I can't imagine that hacking the VM with multiple processes, per- process state and a global VM lock for garbage collection and new object creation would be too difficult. The global VM lock would kill scalability and could make object creation slow, but it should still get some speedup on multi-cored CPUs. More advanced VMs with per-thread eden space would take a bit longer to write.

Gulik.

-- http://people.squeakfoundation.org/person/mikevdg http://gulik.pbwiki.com/

Michael van der Gulik

8:51 a.m.

On 2/23/08, Joshua Gargus schwa@fastmail.us wrote:

...

On Feb 22, 2008, at 7:01 PM, Michael van der Gulik wrote:

this makes sharing objects and synchronising access while still getting good performance more difficult. I can't back up my claims yet; we'll see how Hydra VM works out.

In the long term, a VM that can run its green threads (aka Process) on multiple OS threads (aka pthreads) should be the long-term goal.

This is debatable. Why are you convinced that fine-grained concurrency will not involve a large performance hit due to CPU cache invalidations? I haven't heard a compelling argument that this won't be a problem (and increasingly so, as the number of cores grows). We can't pretend that it takes zero time to make an object available for processing on a different core. As I've said before, I'm willing to be convinced otherwise.

Equally so, why then would any other concurrent implementation, such as the HydraVM, not also have exactly the same problem. Or why would any other concurrent application not have this problem?

Real operating systems implement some form of processor affinity[1] to keep cache on a single processor. The same could be done for the Squeak scheduler. I'm sure that the scheduling algorithm could be tuned to minimize cache invalidations.
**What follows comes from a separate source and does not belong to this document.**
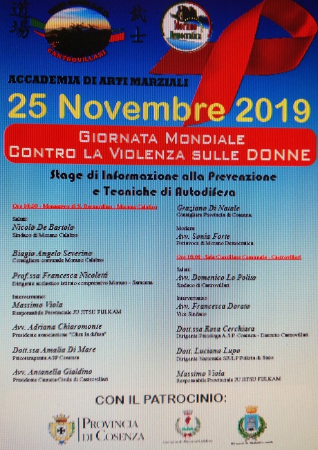 Giornata mondiale della violenza sulle donne, a Castrovillari e Morano evento congiunto il prossimo 25 novembre - Uno stage d’informazione sulla prevenzione e tecniche di autodifesa, in occasione della giornata mondiale contro la violenza sulle donne, e' il momento organizzato dall' Accademia di arti marziali, con piu' rappresentanze sul territorio, per il 25 novembre in un doppio appuntamento: la mattina, con inizio alle ore 10,30 a Morano, nel Monastero di San Bernardino, ed a partire dalle ore 18 nella Sala consiliare del palazzo di città di Castrovillari. L’iniziativa si avvale dei patrocini della Provincia di Cosenza e, naturalmente, dei Comuni di Morano Calabro e Castrovillari nonché della compartecipazione di organismi, associazioni ed altre istituzioni. A Morano interverranno il Sindaco, Nicolò De Bartolo, il consigliere comunale, Biagio Angelo Severino, la dirigente scolastica dell’istituto comprensivo, Francesca Nicoletti, il responsabile provinciale Ju Jitsu Fijlkam, Massimo Viola, che offrirà il proprio contributo anche nella seconda parte della giornata, la presidente dell’Associazione “Oltre la difesa”, Adriana Chiaromonte, la psicoterapeuta, Amalia Di Mare, il presidente della Camera Civile di Castrovillari, Antonella Gialdino, il consigliere provinciale, Graziano Di Natale, ed il portavoce di “Morano Democratica”, Sonia Forte. Mentre nel salone delle adunanze consiliari di Castrovillari oltre al Sindaco e Vice, rispettivamente Domenico Lo Polito e Francesca Dorato, daranno il proprio apporto la dirigente psicologa del Distretto , Rosa Cerchiara, e anche il dirigente nazionale del SIULP della Polizia di Stato, Luciano Lupo. |

[1] http://en.wikipedia.org/wiki/Processor_affinity

Gulik.

-- http://people.squeakfoundation.org/person/mikevdg http://gulik.pbwiki.com/

Joshua Gargus

10:03 a.m.

On Feb 22, 2008, at 11:51 PM, Michael van der Gulik wrote:

...

On 2/23/08, Joshua Gargus schwa@fastmail.us wrote: On Feb 22, 2008, at 7:01 PM, Michael van der Gulik wrote:

...
...
this makes sharing objects and synchronising access while still getting good performance more difficult. I can't back up my claims yet; we'll see how Hydra VM works out.
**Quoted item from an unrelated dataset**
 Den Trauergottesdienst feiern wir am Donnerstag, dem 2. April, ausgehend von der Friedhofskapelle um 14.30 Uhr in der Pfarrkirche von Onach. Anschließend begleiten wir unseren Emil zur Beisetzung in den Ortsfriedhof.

In the long term, a VM that can run its green threads (aka Process) on multiple OS threads (aka pthreads) should be the long-term goal.

This is debatable. Why are you convinced that fine-grained concurrency will not involve a large performance hit due to CPU cache invalidations? I haven't heard a compelling argument that this won't be a problem (and increasingly so, as the number of cores grows). We can't pretend that it takes zero time to make an object available for processing on a different core. As I've said before, I'm willing to be convinced otherwise.
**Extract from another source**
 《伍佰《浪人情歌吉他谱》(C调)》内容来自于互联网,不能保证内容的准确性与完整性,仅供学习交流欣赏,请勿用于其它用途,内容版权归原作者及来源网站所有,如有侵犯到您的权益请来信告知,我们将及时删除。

Equally so, why then would any other concurrent implementation, such as the HydraVM, not also have exactly the same problem.

Because within HydraVM, each VM has it's own ObjectMemory in a single, contiguous chunk of memory.

Below, you mention processor-affinity. This is certainly necessary, but is orthogonal to the issue. Let's simplify the discussion by assuming that the number of VMs is <= the number of cores, and that each VM is pinned to a different core.

32-bit CPU caches typically work on 4KB pages of memory. You can fit quite a few objects in 4KB. The problem is that is processor A and processor B are operating in the same ObjectMemory, they don't have to even touch the same object to cause cache contention... they merely have to touch objects on the same memory page. Can you provide a formal characterization of worst-case and average-case performance under a variety of application profiles? I wouldn't know where to start.

Happily, HydraVM doesn't have to worry about this, because each thread operates on a separate ObjectMemory.

...

Or why would any other concurrent application not have this problem?

They can, depending on the memory access patterns of the application.

...

Real operating systems implement some form of processor affinity[1] to keep cache on a single processor. The same could be done for the Squeak scheduler. I'm sure that the scheduling algorithm could be tuned to minimize cache invalidations.

As I described above, the problem is not simply ensuring that each thread tends to run on the same processor. I believe that you're overlooking a crucial aspect of real-world processor-affinity schemes: when a Real Operating System pins a process to a particular processor, the memory for that process is only touched by that processor.

I haven't had a chance to take more than a glance at it, but Ulrich Draper from Red Hat has written a paper named "What Every Programmer Should Know About Memory". It's dauntingly comprehensive. (What Every Programmer Should Know About Memory)

It might help to think of a multi-core chip as a set of separate computers connected by a network (I don't have the reference off-hand, but I've seen an Intel whitepaper that explicitly takes this viewpoint). It's expensive and slow to send messages over the network to ensure that my cached version of an object isn't stale. In general, it's better to structure our computation so that we know exactly when memory needs to be touched by multiple processors.

Cheers, Josh

...

[1] http://en.wikipedia.org/wiki/Processor_affinity

Gulik.

-- http://people.squeakfoundation.org/person/mikevdg http://gulik.pbwiki.com/

Michael van der Gulik

10:43 a.m.

On 2/23/08, Joshua Gargus schwa@fastmail.us wrote:

...

On Feb 22, 2008, at 11:51 PM, Michael van der Gulik wrote:

On 2/23/08, Joshua Gargus schwa@fastmail.us wrote:

...
On Feb 22, 2008, at 7:01 PM, Michael van der Gulik wrote:

this makes sharing objects and synchronising access while still getting good performance more difficult. I can't back up my claims yet; we'll see how Hydra VM works out.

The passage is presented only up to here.